Old town exploration
We were now finally free to explore Quito and relax a little as our admin work had been done. We decided to try for a free walking tour offered by the Secret Garden Hostel weekdays at 10.30am but unfortunately was not running on the day we tried to go. The lady working there was really helpful and gave us all the information we needed to do it on our own.
The highlight of old town was the Basillica del Voto national. This is one of the best churches we have seen on our trip. The original design is based loosely on the Notre Dame church in Paris. What makes this Basillica unique are the gargoyles representing Ecuadors native animals placed around the outside.
We climbed to the top of the tower to check out the views of the city from the tower ($2pp) and were not disappointed. It’s not a climb for those suffering fear of heights. First we walked up a short set of stairs reaching a room with beautiful mosaic window and a view of the main cathedral area from above.

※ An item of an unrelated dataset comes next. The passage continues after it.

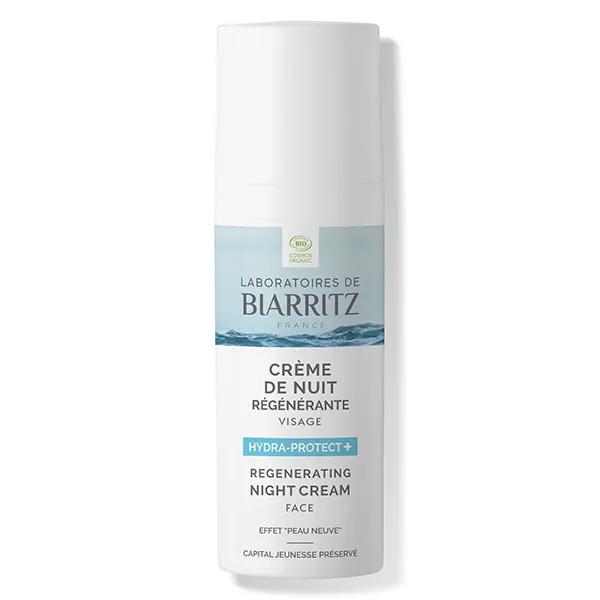 Grâce à l'association unique d'actifs hydratants et d'un extrait breveté d'algue rouge issue de la côte basque, Alga-Gorria®, qui protège contre le vieillissement cutané, la Crème de nuit régénérante certifiée bio des Laboratoires de Biarritz répond aux besoins fondamentaux de la peau en lui apportant une hydratation intense et une protection contre les agressions du quotidien (lumière bleue, pollution, stress, fatigue...). La Crème de nuit Hydra-protect+ booste l'hydratation pendant 24 heures. La peau apparaît plus jeune et plus lisse : elle est comme régénérée, plus confortable et plus souple, effet "peau neuve" assuré ! Les traits du visage sont "défatigués", reposés et détendus. Sa texture douce et enveloppante apporte hydratation et confort à la peau du visage et du cou. Son parfum naturel, léger et délicat procure un réel instant de détente. Formulée pour tous les types de peau, comme tous les autres soins de la gamme Hydra-protect+, elle convient également pour une utilisation chez la femme enceinte et allaitante.Indications

We then walked across what was effectively a narrow wooden bridge (which wobbles a little as you move) that actually walks above the main cathedral area that led us to the outside ladder staircases.

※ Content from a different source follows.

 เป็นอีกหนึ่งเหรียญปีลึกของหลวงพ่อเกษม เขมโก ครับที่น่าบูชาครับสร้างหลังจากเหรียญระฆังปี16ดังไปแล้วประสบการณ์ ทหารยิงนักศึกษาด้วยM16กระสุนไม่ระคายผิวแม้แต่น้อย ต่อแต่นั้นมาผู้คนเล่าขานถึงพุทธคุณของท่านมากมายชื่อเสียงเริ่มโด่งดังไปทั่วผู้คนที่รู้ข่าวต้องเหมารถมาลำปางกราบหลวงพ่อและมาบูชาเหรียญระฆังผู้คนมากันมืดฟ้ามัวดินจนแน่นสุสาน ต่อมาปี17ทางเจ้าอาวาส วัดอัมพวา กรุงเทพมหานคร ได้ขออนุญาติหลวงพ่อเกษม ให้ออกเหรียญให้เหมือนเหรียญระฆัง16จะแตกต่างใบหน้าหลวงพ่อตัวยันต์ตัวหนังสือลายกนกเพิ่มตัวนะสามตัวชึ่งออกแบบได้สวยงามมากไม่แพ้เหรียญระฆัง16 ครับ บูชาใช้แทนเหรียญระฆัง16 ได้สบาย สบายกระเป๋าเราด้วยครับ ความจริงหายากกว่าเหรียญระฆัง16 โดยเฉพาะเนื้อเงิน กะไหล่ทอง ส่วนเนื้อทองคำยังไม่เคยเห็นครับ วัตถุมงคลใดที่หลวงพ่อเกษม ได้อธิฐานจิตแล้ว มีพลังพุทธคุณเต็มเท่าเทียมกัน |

Next there were multiple ladder stair cases to climb which is definitely not for someone that is afraid of heights.
We then made it to the top with amazing views of the clock tower and panoramic views of the city
Lunch for champions
Many places in Quito offer “Lunch of the day”. Around $1.50-$2.50 consisting of soup (chicken or beef and vegetable), a main dish (chicken, beef and rice etc) and a juice. Below are a few of our menu of the day meals which put us both into food comas. There was one place we were stupid enough to buy one each instead of two, as you never know what portion size you are going to get, and we ended up having to take it away and eat if for dinner.

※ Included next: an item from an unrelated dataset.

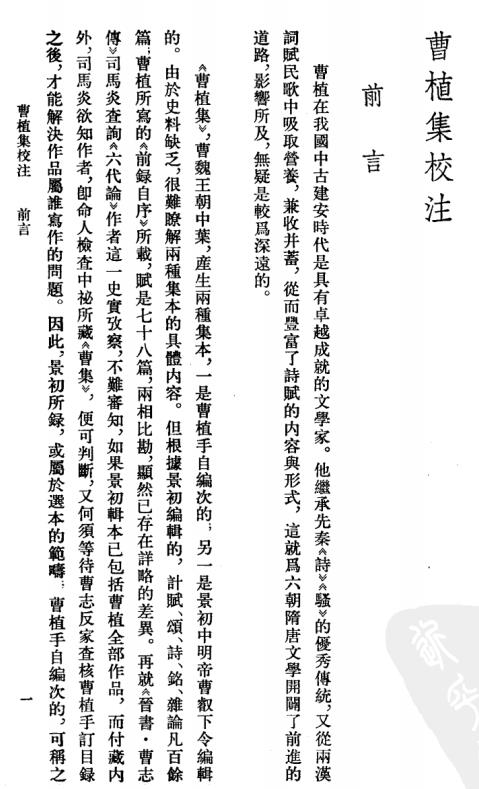 曹植在我国中古建安时代是具有卓越成就的文学家。他继承先秦《诗》《骚》的优秀传统,又从两汉词赋民歌中吸取营养,兼收并蓄,从而丰富了诗赋的内容与形式,这就为六朝隋唐文学开辟了前进的道路,影响所及,无疑是较为深远的。《曹植集》旧本的编次,是据文体异同汇为十卷的。《曹植集校注》,依据作品创作时期的先后分为建安、黄初、太和三卷。这样则有助于理解作者思想感情的变化历程,从而对作品取得较深的认识。

Visiting Mitad del Mundo – Middle of the World – The Equator
For the budget conscious travellers out there, avoid the tour and try out Quito’s bus system for a cheap alternative and to see the real Quito in action. Always be extremely careful of your valuables when using public transit, anywhere in the world. We took a metrobus to Ofelia station in the north of the city for 25 cents each. You then connect directly to a bus labelled “Mitad del Mundo” which costs another 15 cents each. This drops you a 1 minute walk from the entrance for less than a price of a Coca Cola. Admittedly, the downside is this trip can take the best part of 90 minutes each way depending on where you’re staying in Quito.
The entrance to this “tourist attraction” cost $3 per person including free entry to a number of small museums located on the same property. The main attraction is the huge monument and the painted yellow line to signify the split between the Northern and Southern hemispheres.
This isn’t the real middle of the world
If you look at the photo below taken of a postcard, you can see that the real equatorial line is some 240 metres North of where the monument currently stands. This is due to the advent of GPS technology which later and more accurately determined where the line actually exists.